レンダー・ユアセルフ
/ミーアの想い人
『アリー』と名乗る未亡人がこの地を去ってから、二年の月日が流れた。
始めこそ時折暗い面持ちで思案に暮れることもあったジョシュアだが、段々と元の穏やかな彼の表情に戻りつつある。
隣国との外交に関する書類の処理に追われていたジョシュアは、固く閉ざされた扉の向こうへと一度視線を投げかけると。
「ミーア」
誰よりも彼に対し真っすぐに向き合う女中の名を口にする。
「はい、ジョシュア様」
失礼します、と。丁寧なノックの後に豪奢な扉からすり抜けるかのように現れた華奢な彼女。

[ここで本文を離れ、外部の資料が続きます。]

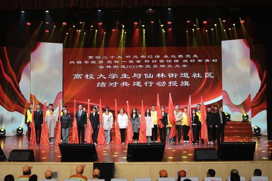 2025年2月28日下午,栖霞区仙林街道2025年党员群众大会在南京大学仙林校区恩玲剧场举行。williamhill英国官网青年志愿者协会受邀参加大会,并参与了高校院系与社区结对项目的授旗仪式。
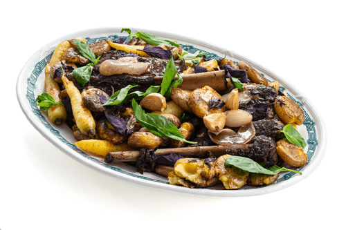 Вокруг выложить овощи, украсить базиликом и подавать.
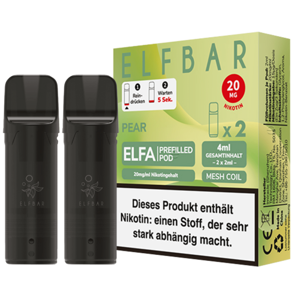 Die 2er Packs ELF Bar ELFA Pods sind vorbefüllte Pod-Kartuschen für dein ELF Bar ELFA Pod Mod. Sie enthalten 2 ml Nikotinsalz Liquid mit einer Nikotinstärke von 20 mg/ml und überzeugen dank der verwendeten Meshed-Technologie mit einem hervorragenden Geschmack von saftiger Birne. Jede ELFA Pod-Kartusche kann für bis zu 600 Züge verwendet werden.
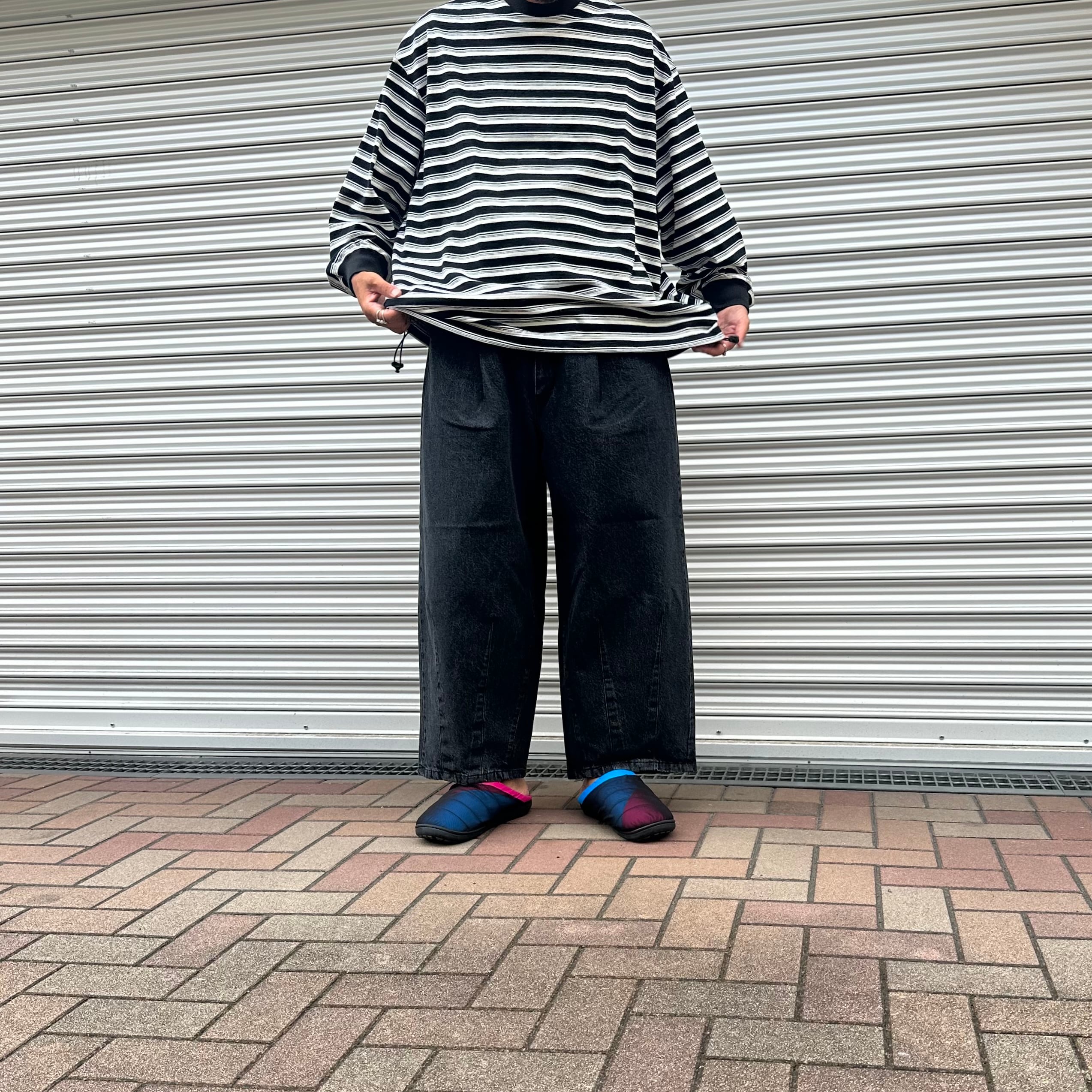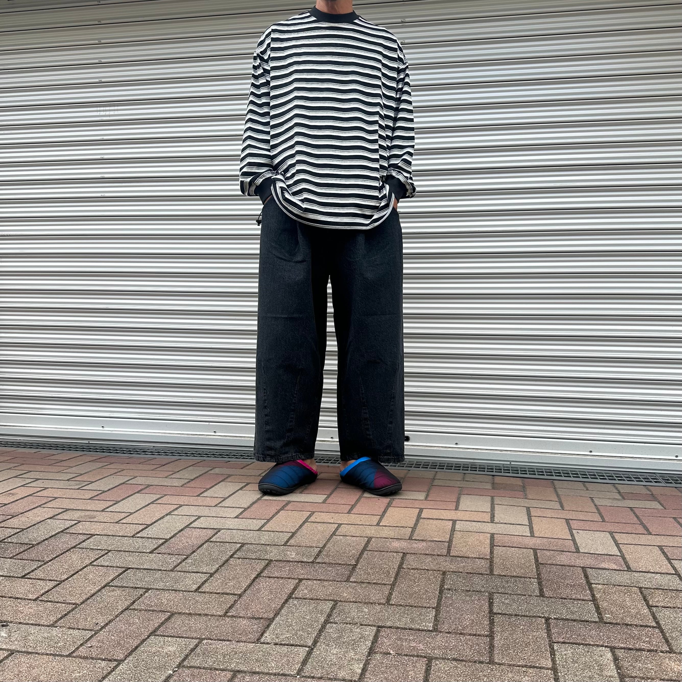 is-nessのバルーンストライプロングスリーブTシャツ。
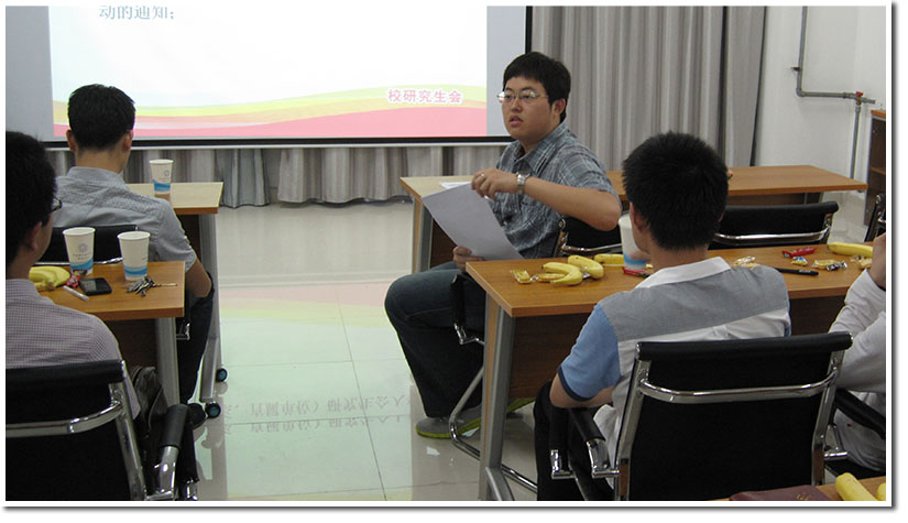 接着,校研会相关项目负责人介绍了目前重要项目的进展,马加强、沈旭和梁超分别详细介绍了“挑战杯”创业计划竞赛、“see you”毕业晚会和“seeyou”毕业系列项目的开展情况,主席屈直对活动进行了补充说明,肯定了项目组的工作,希望各院系主席动员同学们积极参与。屈直还介绍了校研究生会学期末内联,愿各院系研会主席也踊跃参与进来。
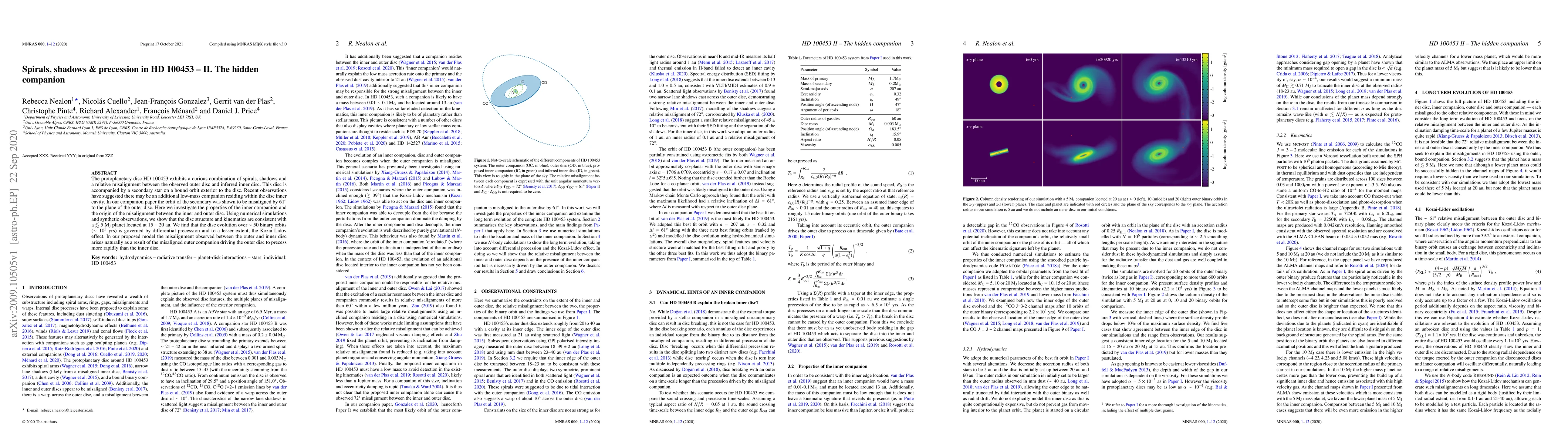 This paper investigates the properties of a potential low-mass companion within the protoplanetary disc HD 100453, suggesting it is a $\lesssim$ 5 Jupiter mass planet located at 15-20au. The misalignment between the inner and outer discs is attributed to differential precession driven by the misaligned outer companion.
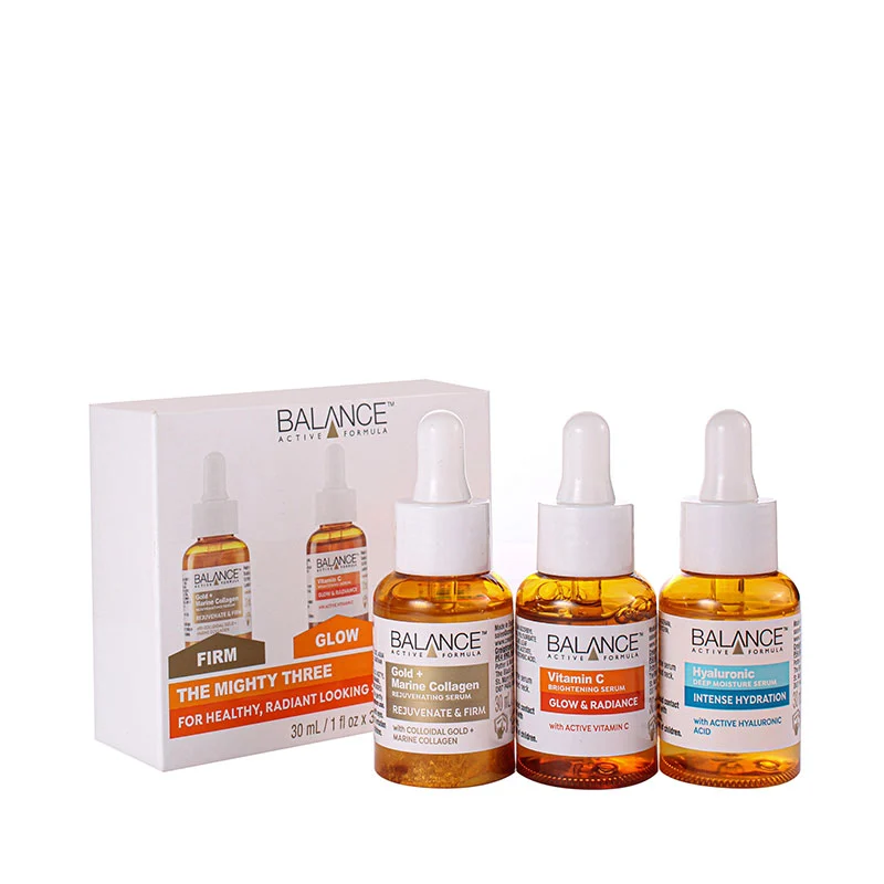 این مجموعه سهتایی از سرمهای برند BALANCE با نام “The Mighty Three” طراحی شده تا یک راهحل جامع برای مراقبت روزانه از پوست ارائه دهد. این مجموعه شامل سه سرم با عملکردهای مختلف است که در کنار یکدیگر، پوستی سالم، شفاف و آبرسانی شده را به ارمغان میآورند. هر سرم دارای ترکیبات فعال و کاربرد ویژهای است که به نیازهای خاص پوست پاسخ میدهد.
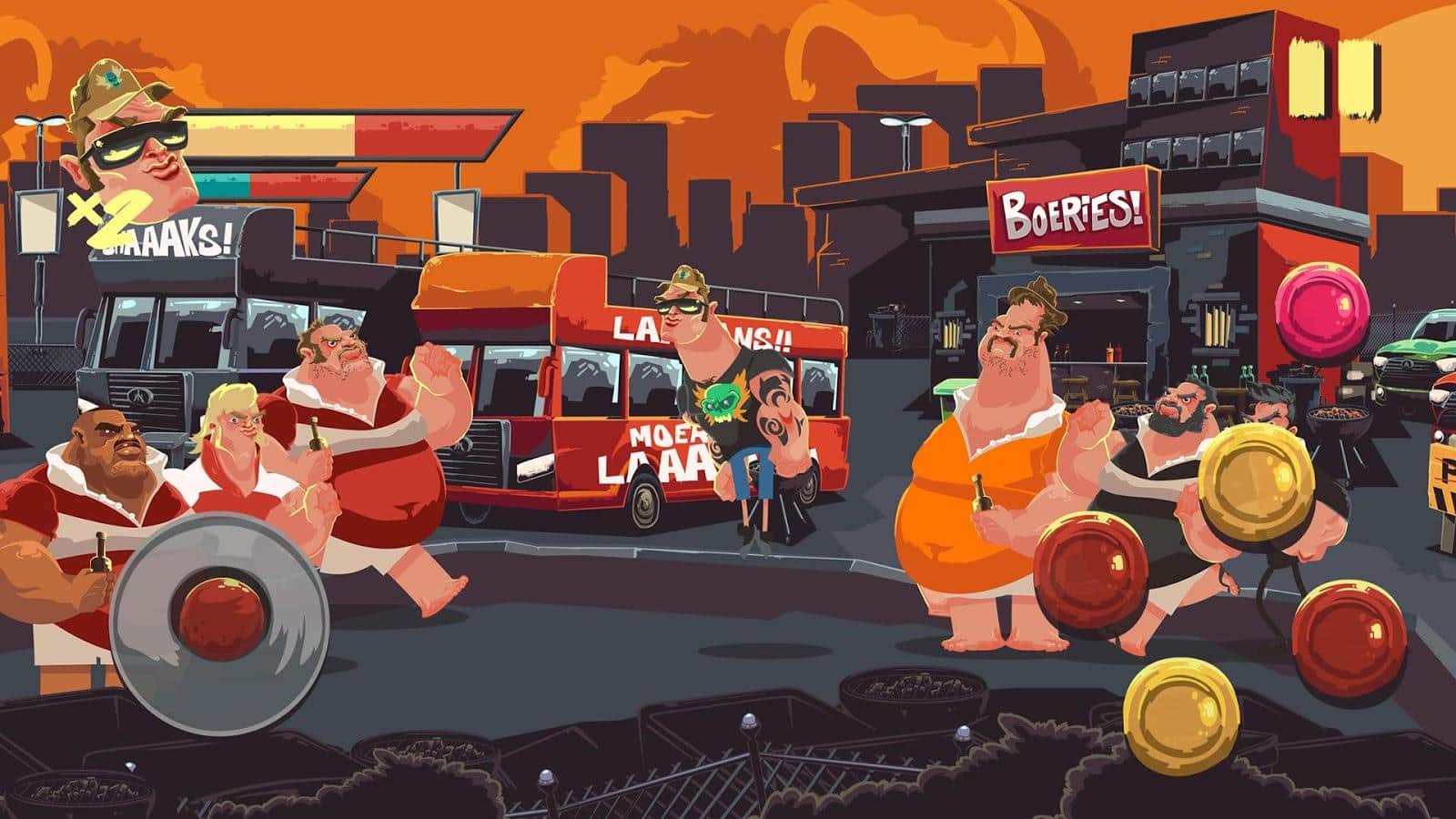 Boet Fighter – 2D платформер на андроид, с боковой прокруткой. В этой игре вы возьмете под свой контроль отважного и сильного героя который имеет жим 150 кг. Наш герой должен проложить себе путь сквозь Йоханнесбург и выполнить все поставленные квесты чтобы остаться легендой в глазах общественности. Расчищайте себе путь сквозь толпы врагов, которые не против побороться с вами и укладывайте их всех на лопатки. Прокачивайте и улучшайте своего героя по ходу игры и применяйте к нему некоторые химические вещества, которые повысят его производительность. Также эта игра является хорошим способом выучить много южноафриканского сленга.
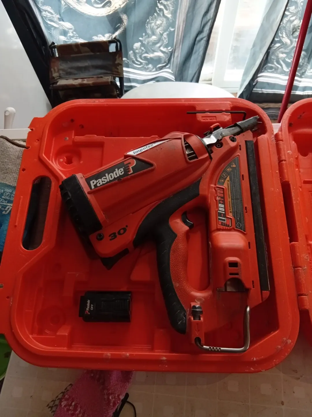 Paslode Impulse framing nailer in its original case. It's a orange and black cordless nail gun. Includes the hex key and battery pack.
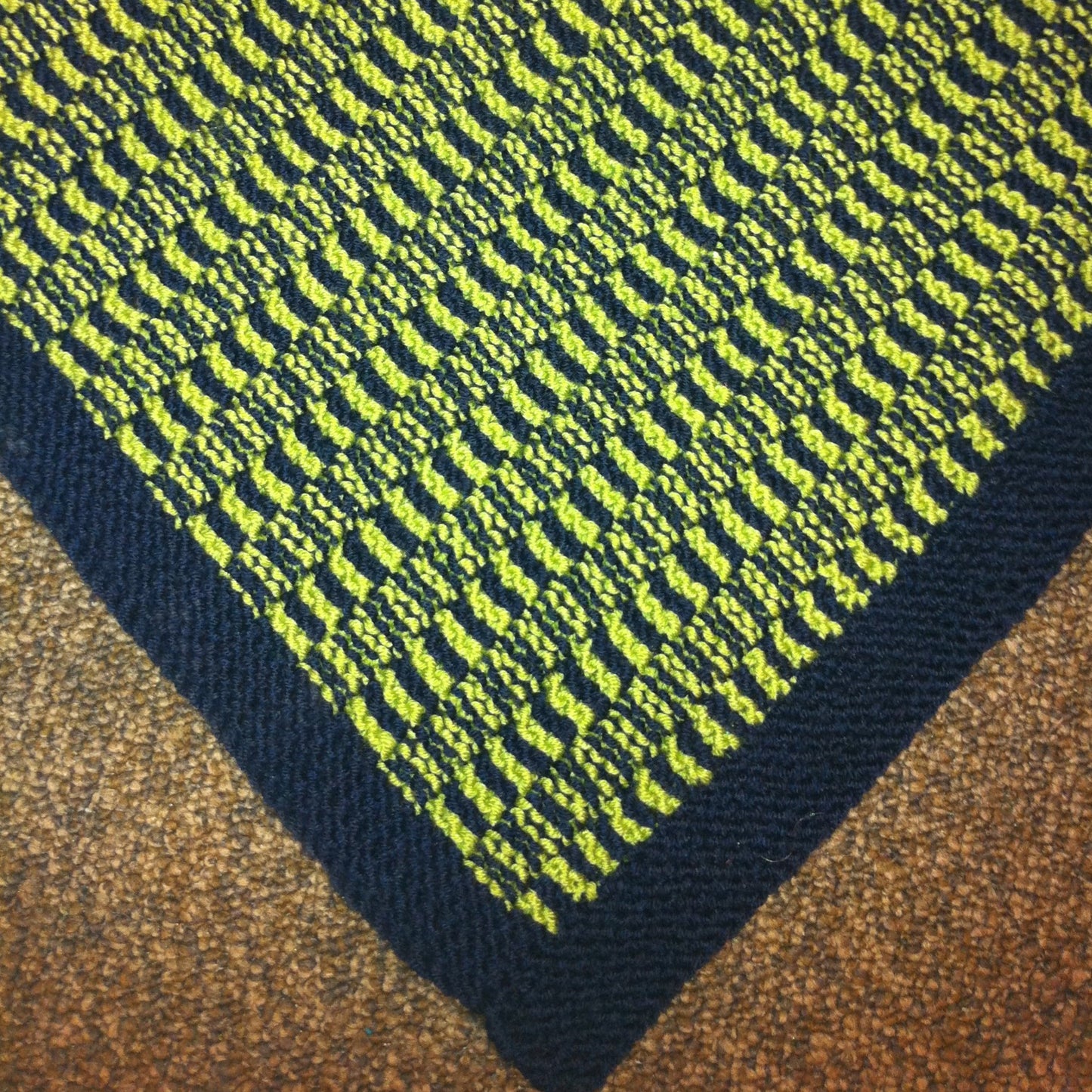 This blanket is knitted in stripes of colour however giving the clever impression of colour changing between stitches.
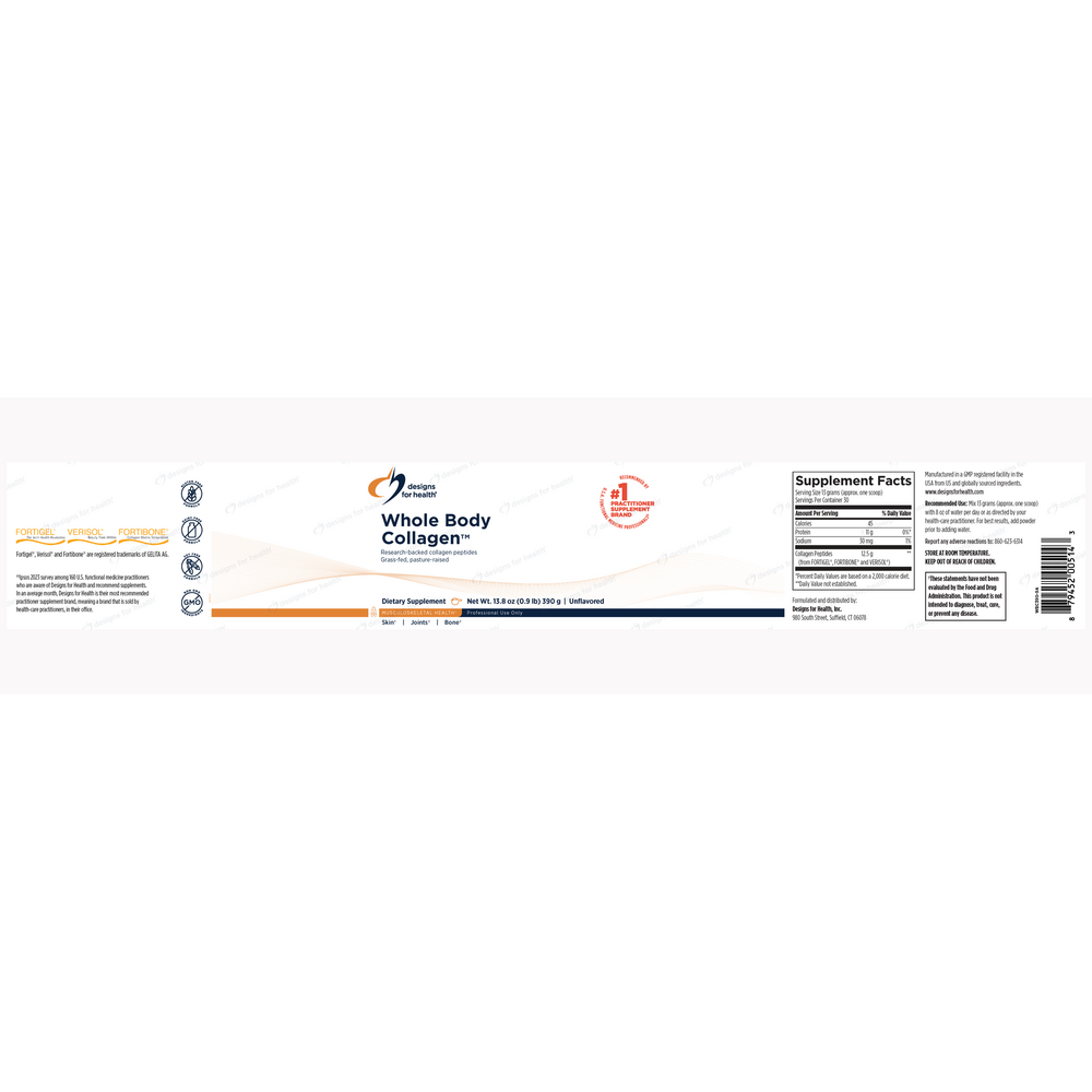 Whole Body Collagen contains a unique blend of three patented collagen peptides supported by clinical research showing their efficacy for supporting collagen production, bone strength, joint health and integrity, skin elasticity and more.*
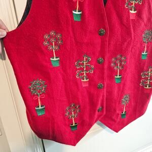 Vintage Karen Scott Christmas Vest Women Large Red Plants Y2K Preppy Granny Bows
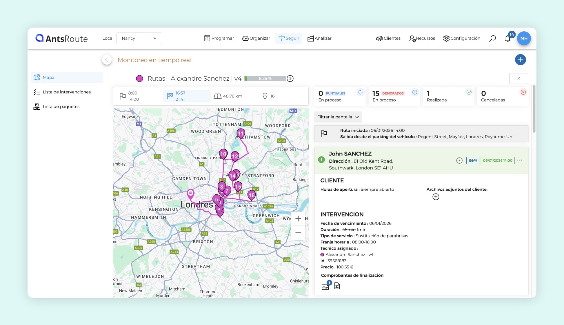 - La optimización con AntsRoute marca la diferencia: menos kilómetros, planificación fiable, mayor reactividad y una mejor satisfacción del cliente.

少女から女性への成長を思わせる彼女の外見は、かつてジョシュアに慕われた女中の面影を色濃く残していた。
「ここにある書類を郵送してくれる?」
そうジョシュアが指差す先には、すでに封を施されたエアメールが山積みになっている。
「承知いたしました」
「悪いね、ミーア」
「とんでもございません」
今では政務に励む彼の秘書のような存在になっているミーア。彼女の真摯な仕事ぶりは、幼いころより親しくしていたジョシュアが誰よりも知っていた。
指定されたエアメールを懐から取り出したトレイにてきぱきと移し替え、その作業が終わると「他には何かございますか?」と彼に問う。